- [Exercise] Every record below is to be repeated exactly, with the pictures left out.

Excerpted data START

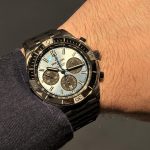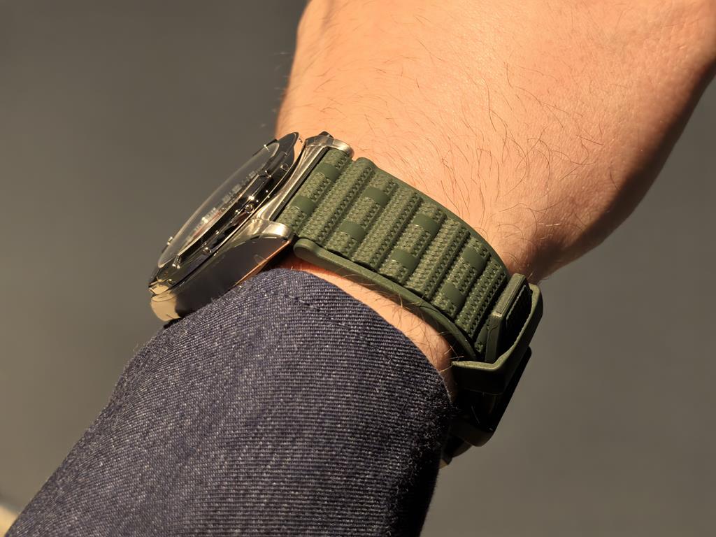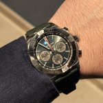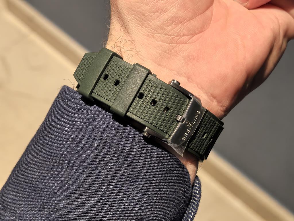 Ohišje meri 42 mm v premeru, kar je dokaj standardna velikost za robustno športno uro. Breitling je močno povezan s pilotskimi urami in tukaj lahko vidite ta DNK, s preveliko, narebričeno krono in luneto z jezički, zaradi česar je uporaba še posebej enostavna, ko nosite debele usnjene pilotske rokavice. Všeč mi je enobarvna zasnova z jekleno luneto ter ohišjem, s poudarjeno kombinacijo brušenih in poliranih površin.
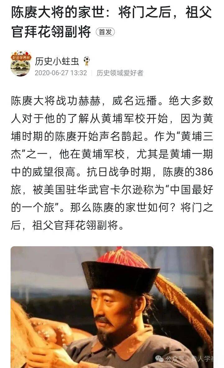 比起三杰中的贺衷寒、蒋先云,陈赓身世显赫。陈赓大将出身将门世家,早在清朝时期,陈赓的祖父就已经官拜清朝花翎副将,和本文介绍的黄平张元龙有同一职衔。
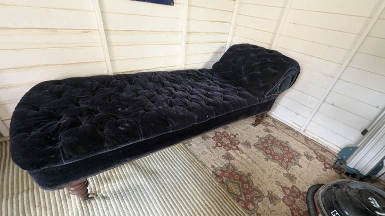 Posting for 7+ yearsBlue suede chaise longue
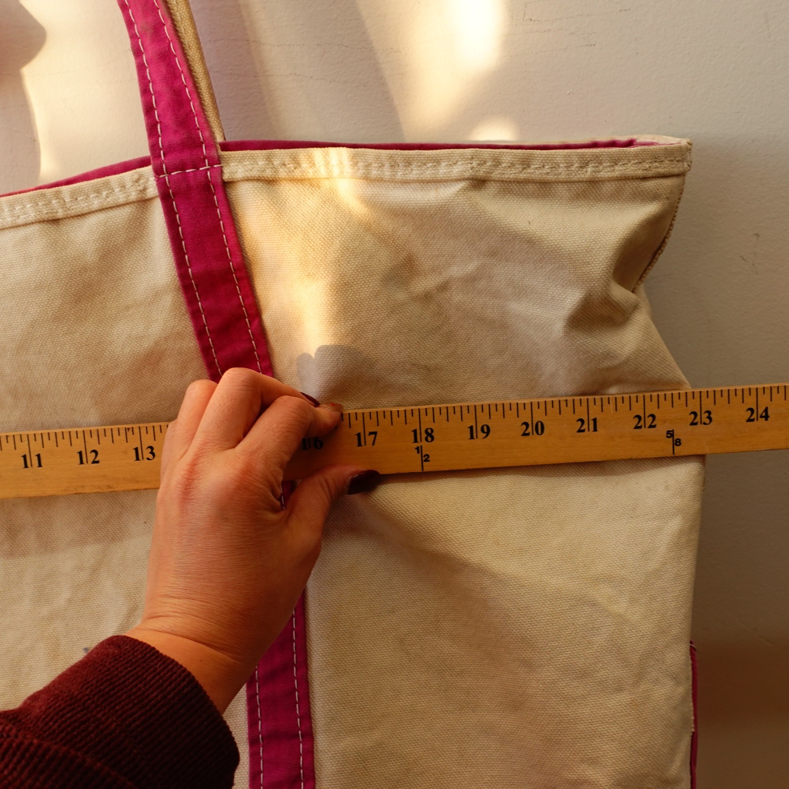 как выглядит Vintage LL Bean Boat and Tote Bag XL Pink Cream Canvas Zip Top Weekender USA фото
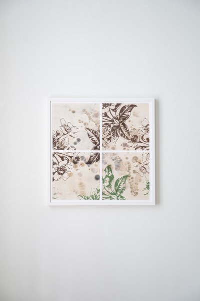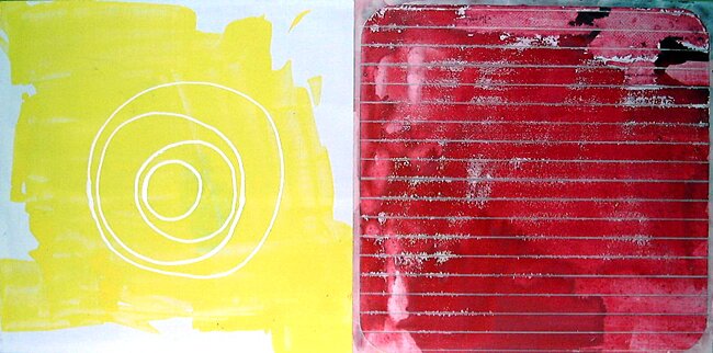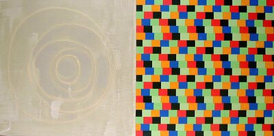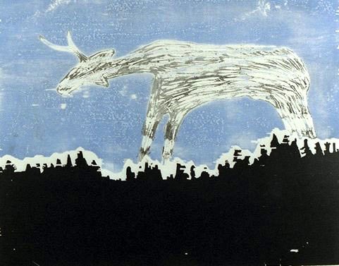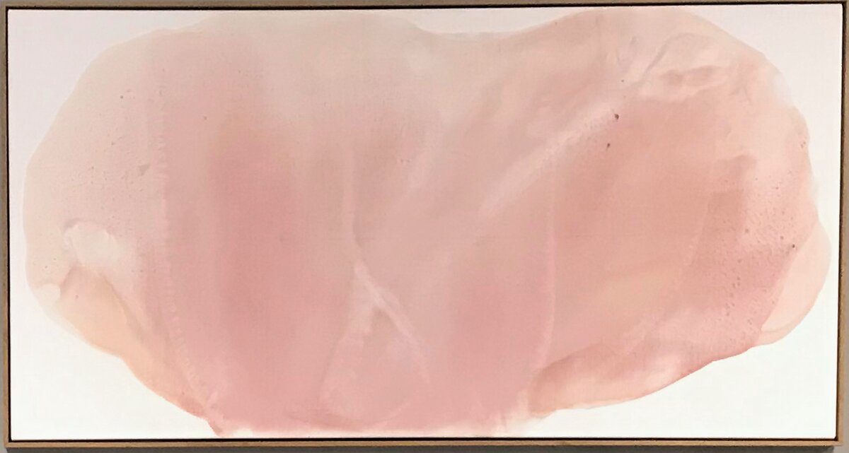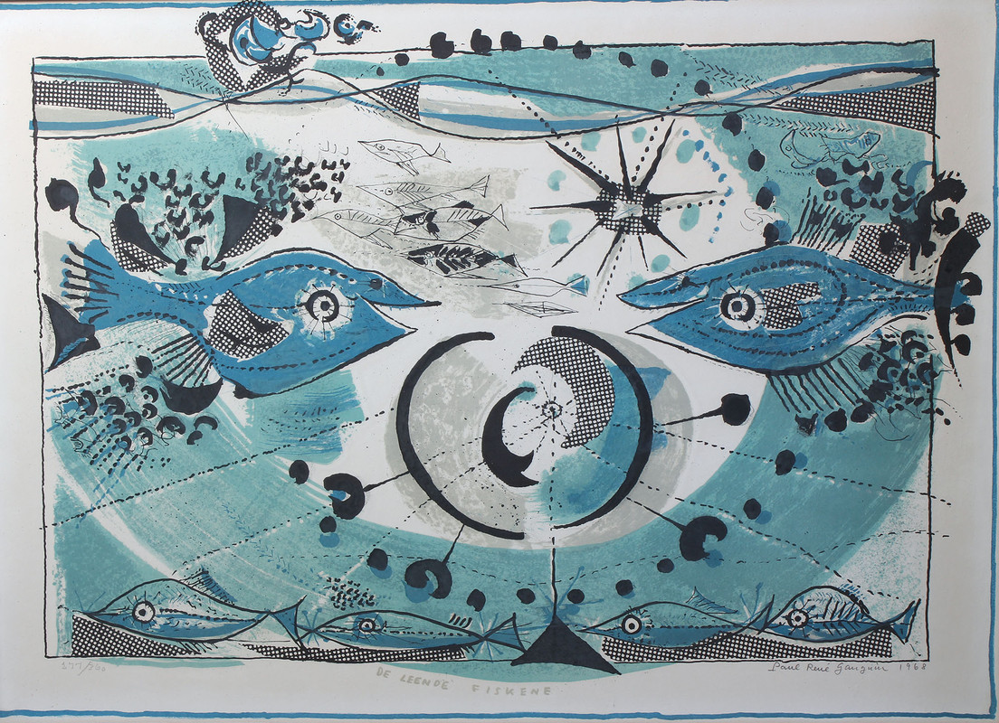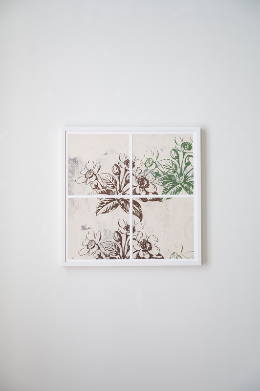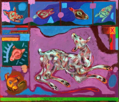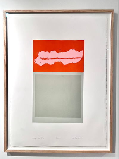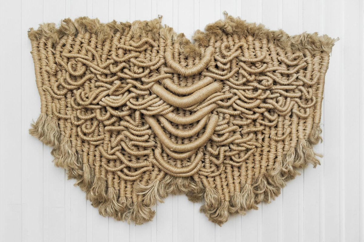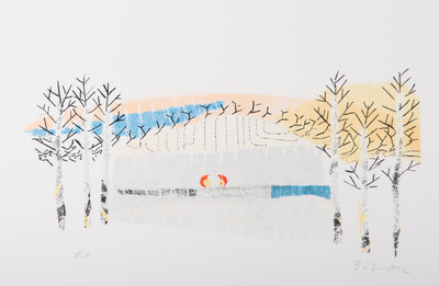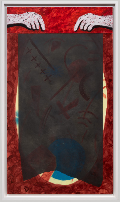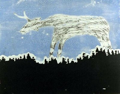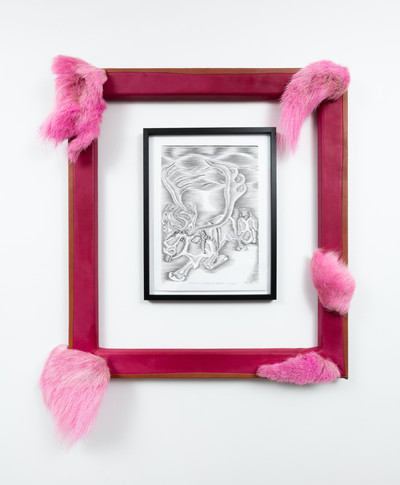 Ramme dekorert med farget reinskinn og garva skinn av reinsdyr og geit. Rammen rammer inn et trykk av Iver Jåks. , 90x80cm
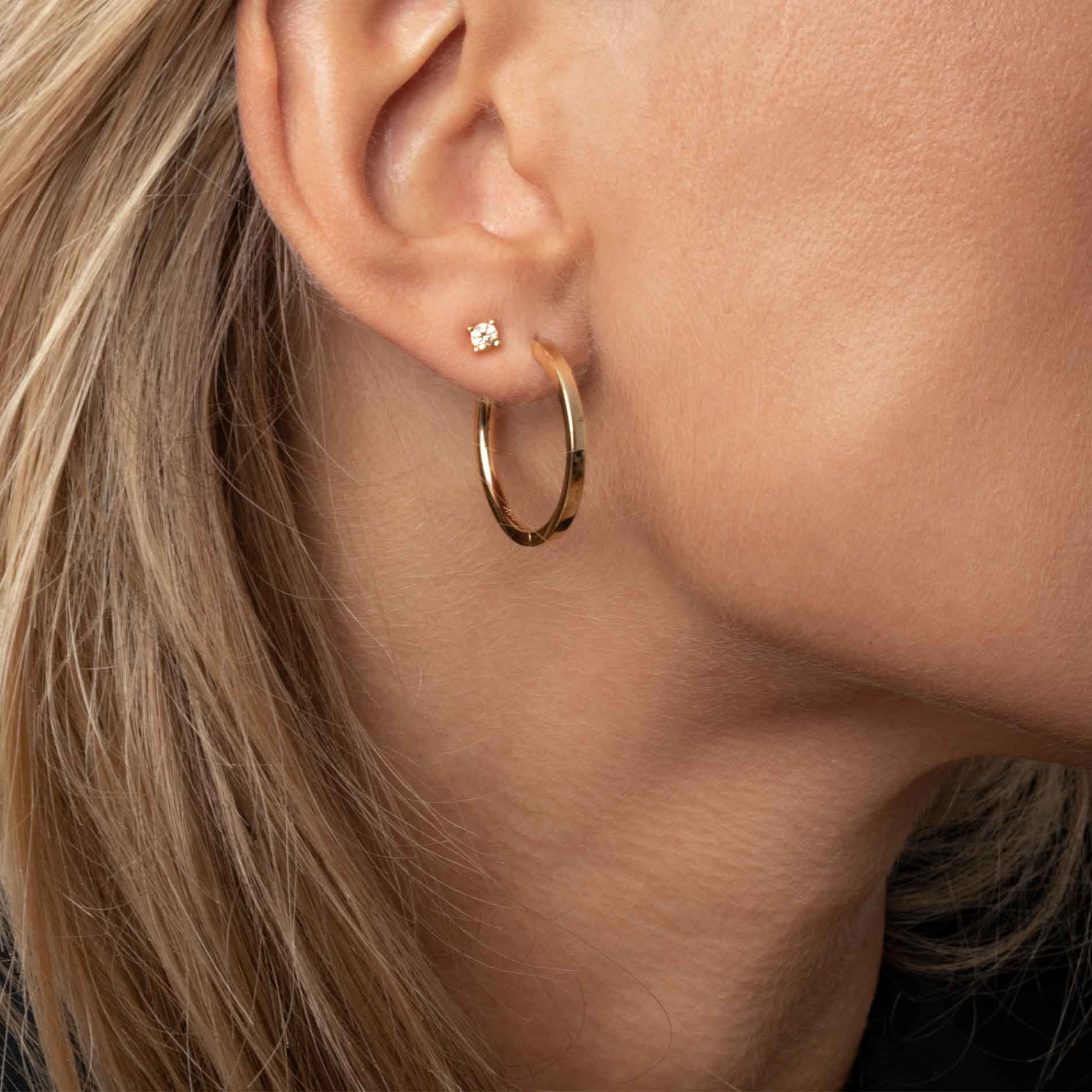 Skab elegance og glans med disse fortryllende øreringe i 18 karat forgyldt 925 sterling sølv. Øreringene har en smuk og blankpoleret overflade, der fremhæver deres luksuriøse udseende. De er dekoreret med 3 mm facetslebne hvide zirkonia, der tilføjer et glansfuldt touch til det gyldne design. Disse øreringe er den perfekte kombination af klassisk og moderne stil.
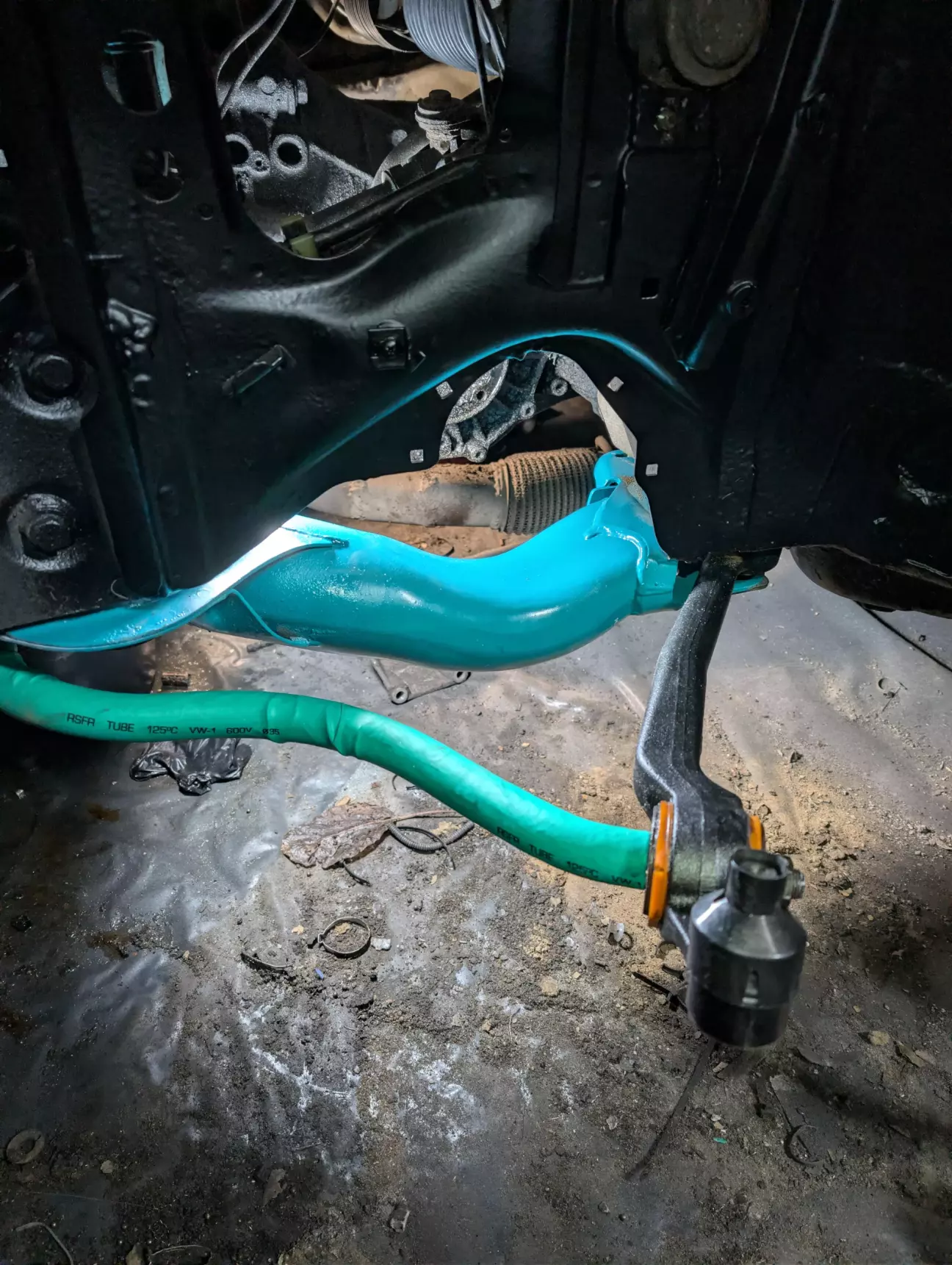 Що стосується ричагів нижніх — придбав нові і не морочився з реставрацією. З авто зняв вже реставровані, і, дивлячись на них, довіри до реставрації вони не викликали зовсім. Наконечники рульових тяг теж нові, і вирішив також поставити тяги від ески, яка з V8 мотором: для тих, хто не знає, вони не прямі, а з вигином. Тут логіка незвична дещо. Я собі зміг знайти пальники від дизеля — і лівий, і правий — в непоганому стані. І, щоб пальники сиділи красиво, вирішив змінити і самі рульові тяги. Втулки в них теж поставив поліуретан.
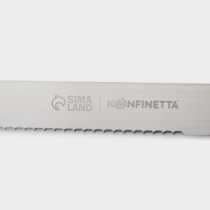 Нож для бисквита крупные зубцы KONFINETTA, длина лезвия 35 см, деревянная ручка — Характеристики
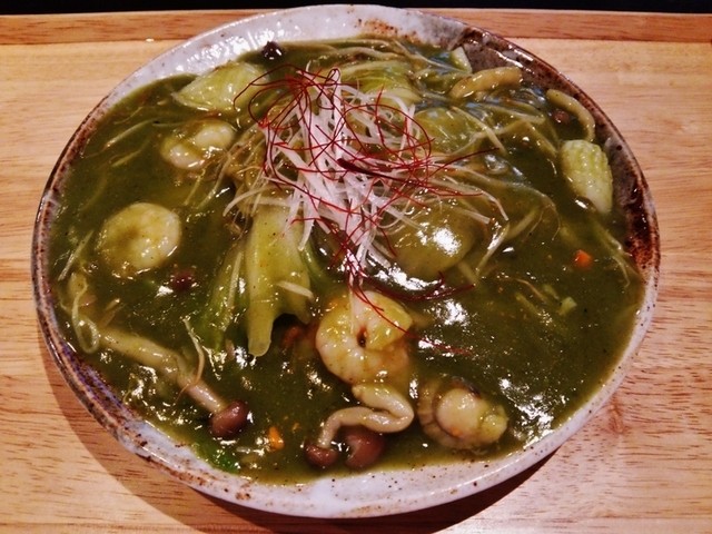 あんの具材は、抹茶、海老、イカ、ホタテ、しめじ、白菜など!!パリッと焼き焦げのついた麺の上に、海鮮と抹茶たっぷりの塩ベースのあんかけ焼きそば~♪(^o^)丿
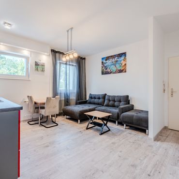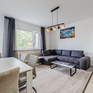 helle 2 Zimmer-Wohnung mit Blick auf grüne Gärten
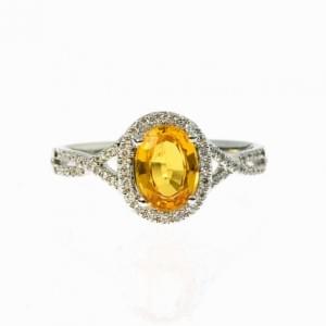 474. Bague sertie d'un saphir orange taille ovale entouré de diamants
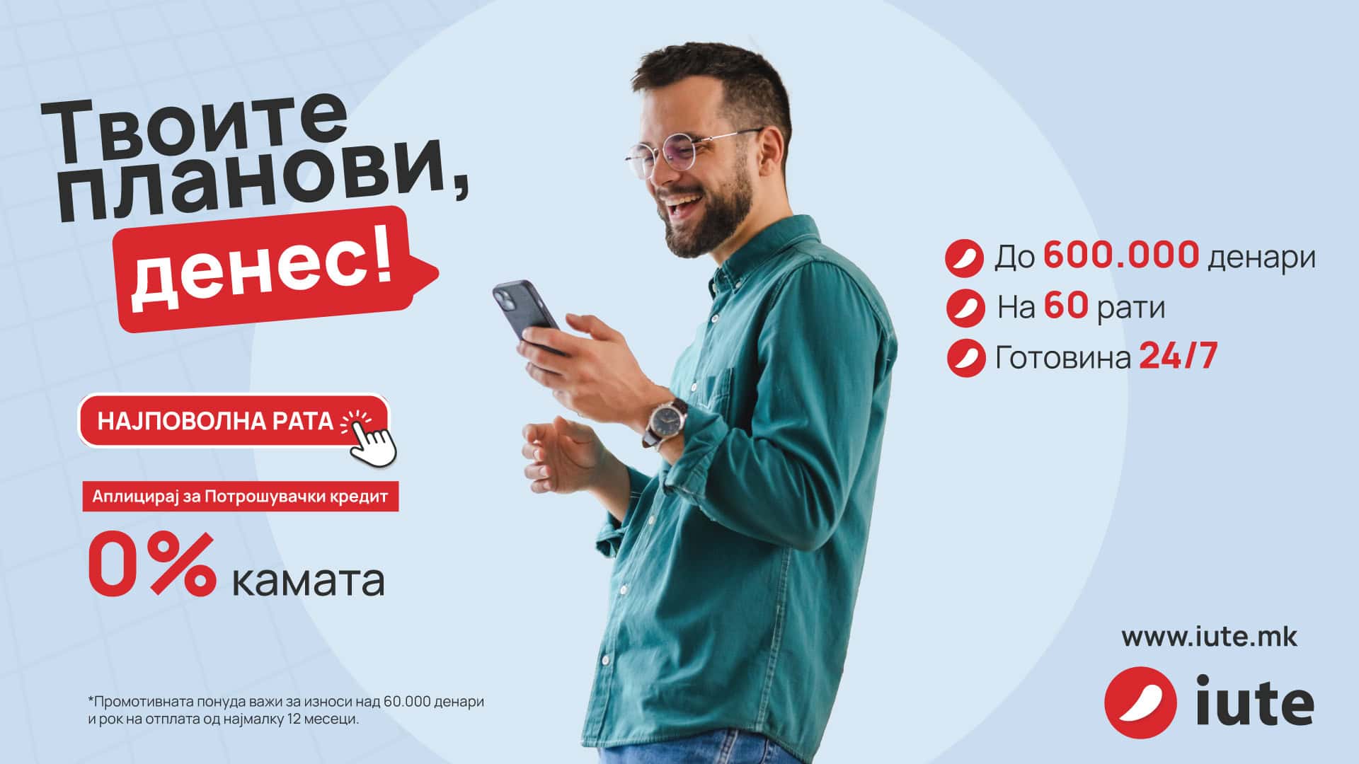 Аплицирањето е достапно онлајн, преку мобилната апликација Myiute, со посета на најблиската експозитура на Иуте, или пак преку контакт центарот за корисници на 13 333, со важност на понудата до 9ти март.

Excerpted data END

- [Problem solution]
 Ohišje meri 42 mm v premeru, kar je dokaj standardna velikost za robustno športno uro. Breitling je močno povezan s pilotskimi urami in tukaj lahko vidite ta DNK, s preveliko, narebričeno krono in luneto z jezički, zaradi česar je uporaba še posebej enostavna, ko nosite debele usnjene pilotske rokavice. Všeč mi je enobarvna zasnova z jekleno luneto ter ohišjem, s poudarjeno kombinacijo brušenih in poliranih površin.
 比起三杰中的贺衷寒、蒋先云,陈赓身世显赫。陈赓大将出身将门世家,早在清朝时期,陈赓的祖父就已经官拜清朝花翎副将,和本文介绍的黄平张元龙有同一职衔。
 Posting for 7+ yearsBlue suede chaise longue
 как выглядит Vintage LL Bean Boat and Tote Bag XL Pink Cream Canvas Zip Top Weekender USA фото
 Ramme dekorert med farget reinskinn og garva skinn av reinsdyr og geit. Rammen rammer inn et trykk av Iver Jåks. , 90x80cm
 Skab elegance og glans med disse fortryllende øreringe i 18 karat forgyldt 925 sterling sølv. Øreringene har en smuk og blankpoleret overflade, der fremhæver deres luksuriøse udseende. De er dekoreret med 3 mm facetslebne hvide zirkonia, der tilføjer et glansfuldt touch til det gyldne design. Disse øreringe er den perfekte kombination af klassisk og moderne stil.
 Що стосується ричагів нижніх — придбав нові і не морочився з реставрацією. З авто зняв вже реставровані, і, дивлячись на них, довіри до реставрації вони не викликали зовсім. Наконечники рульових тяг теж нові, і вирішив також поставити тяги від ески, яка з V8 мотором: для тих, хто не знає, вони не прямі, а з вигином. Тут логіка незвична дещо. Я собі зміг знайти пальники від дизеля — і лівий, і правий — в непоганому стані. І, щоб пальники сиділи красиво, вирішив змінити і самі рульові тяги. Втулки в них теж поставив поліуретан.
 Нож для бисквита крупные зубцы KONFINETTA, длина лезвия 35 см, деревянная ручка — Характеристики
 あんの具材は、抹茶、海老、イカ、ホタテ、しめじ、白菜など!!パリッと焼き焦げのついた麺の上に、海鮮と抹茶たっぷりの塩ベースのあんかけ焼きそば~♪(^o^)丿
 helle 2 Zimmer-Wohnung mit Blick auf grüne Gärten
 474. Bague sertie d'un saphir orange taille ovale entouré de diamants
 Аплицирањето е достапно онлајн, преку мобилната апликација Myiute, со посета на најблиската експозитура на Иуте, или пак преку контакт центарот за корисници на 13 333, со важност на понудата до 9ти март.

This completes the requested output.